A low moan escaped Spence’s throat.

“We moved into a comfortable house a few miles outside of St. Louis. Even though he was gone quite often, I was a happy bride. The day I learned about Maura, I couldn’t wait to tell him.” Phoebe wiped hot tears from her eyes with the heel of her hand. “He was furious and called me names I never dreamed a man would say to me. That’s when he told me we weren’t legally married. ‘How can we be,’ he said, ‘when I’m already married?’”

She waited for Spence to say something. Anything. When he didn’t, she swallowed as if a block of ice had lodged in her throat. “After he stomped out the door, I didn’t know what to do, so I followed him into the city. That’s when I learned he spoke the truth. I saw his wife. I saw two small children.”

Spence still stood rigid, not responding. Could he not accept her innocence? Could he not see the pain she had experienced?

“I was young and thought he was the sun, moon, and stars rolled up in one glorious person.” Then the clouds rolled in and obscured her view of romantic love. “In my inexperience with men, I made the biggest mistake of my life.”

He turned cold eyes on her. Gone was the smile she’d become accustomed to seeing. “After the way he treated you, you continue to call yourself Mrs. Crain.”

She rubbed her arms. “Crain was the name on our marriage certificate—as false as everything else. What was I supposed to do to protect my child?”

“You never confronted him? Publicly shamed him?”

“And forever brand my daughter with a contemptible label?”

With that, he lost the hostility and hung his head. “You’re right. Maura doesn’t deserve the shame.”

And she did?

“Is he really dead?”

Phoebe nodded. “A riding accident three weeks before Maura was born. I read it in the newspaper.”

He stood in silence for a moment before asking, “Why didn’t you return to performing?”

“I did the other night, remember? Look what happened.” She scoffed at her foolishness in thinking she could go back to her career. “I’ve scraped by all this time terrified of someone discovering the truth. Because I thought I could resume my old life, my daughter will suffer. My mother will suffer.”
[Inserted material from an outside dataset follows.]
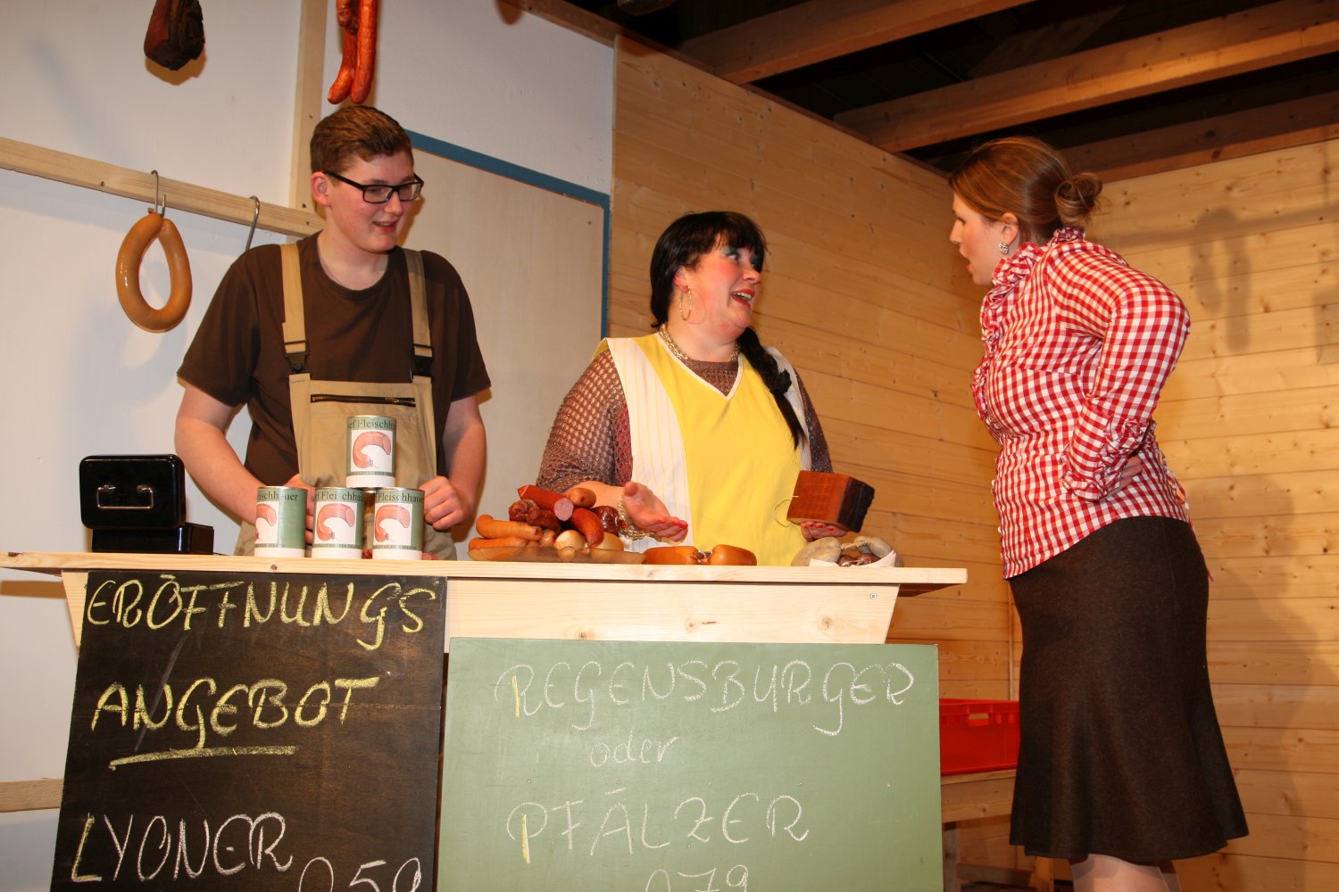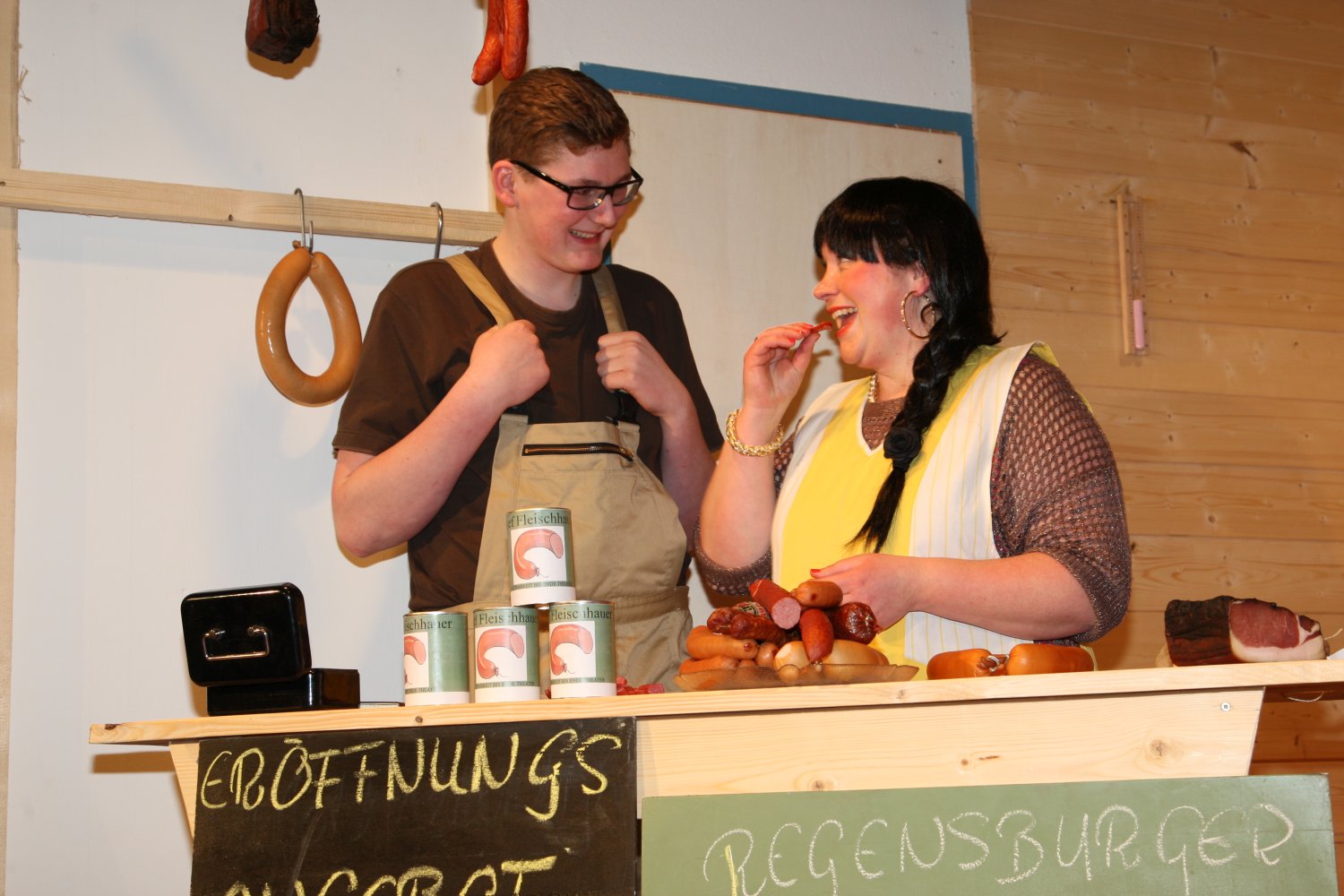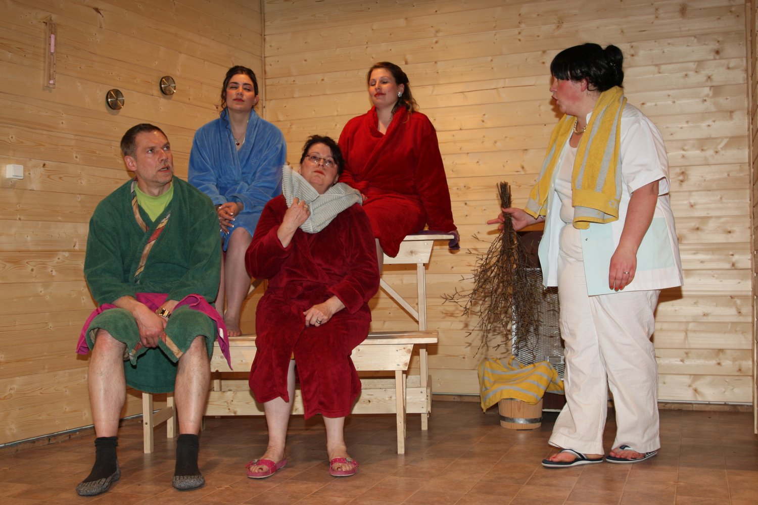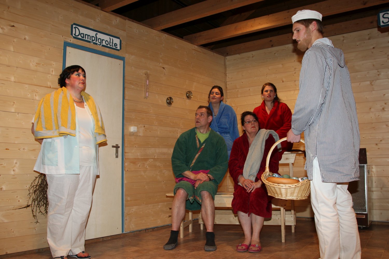 Der Gemeinderat möchte dem etwas verschlafenen Dorf zu mehr Attraktivität verhelfen und deshalb das leer stehende Schlachthaus zur Sauna umfunktionieren. Metzgermeister Fleischhauer hingegen beabsichtigt hier einen neuen Laden zu eröffnen. Obwohl noch keine der beiden Parteien im Besitz einer Genehmigung ist, beginnen sie bereits abwechselnd mit dem Einrichten. Die russischstämmige Olga wird dabei mal als Saunafachkraft, mal als Metzgereiverkäuferin angeheuert, was diese nicht sonderlich aus der Fassung bringt, solang der Vorrat an Wodka reicht. Während einerseits Schreinermeister Bernd und sein nicht gerade von Fleiß geplagter Stift Stefan für die Sauna am Hobeln und Schrauben sind, schafft Fleischhauer nebenher schon mal Schwarzwurst, Blut- und Leberwürste heran und benützt die bereits installierten Saunabänke kurzerhand als Ladentheke. Das kann natürlich nicht gut gehen und führt auf beiden Seiten zu erheblicher Verwirrung, wobei der als Werbefotograf angeheuerte feminine Sebastiano das Fass schier zum Überlaufen bringt. Aber Bürgermeisterin Gerlinde hat einen salomonischen Einfall...  |

Spence had called her as frosty as a windowpane, and with good reason. She felt no less frosty now. “How could someone like you understand what it’s like to lose everything to a young man with the resources and willingness to break a woman’s heart as a prank? Douglas wasn’t the only one of his friends who found it amusing to turn a woman’s world upside down and inside out. It was a game they played.”

Spence stepped back as if she had slapped him. “That’s why you were cold toward me. Even after these past weeks, you saw no difference in us?”

“Douglas treated me like a princess...until he’d finished with me.”

“One of the things drummed into me from an early age is that all women are worthy of respect and courteous treatment. I’ve taken that teaching to heart. I am nothing”—his hand cut through the air—“like the man who deceived you.”

Long, powerful strides carried him away.

Phoebe remained at the river, December’s cold chilling the dampness on her face. Visions of all Spence had done for her rolled through her mind: driving her to the orphanage, building the dollhouse, providing her with a job, speaking with sensitivity to Maura. Douglas wouldn’t have hesitated to do those things if he thought it was to his advantage.

What made Spencer Newland the Third different?

Somehow, he had broken through her barrier of distrust. Somehow, he was different. She believed it, yet she couldn’t find the voice to assure him of her change of heart until he was gone.

“I know you’re nothing like Douglas.” The whispered response drifted away on the water’s current.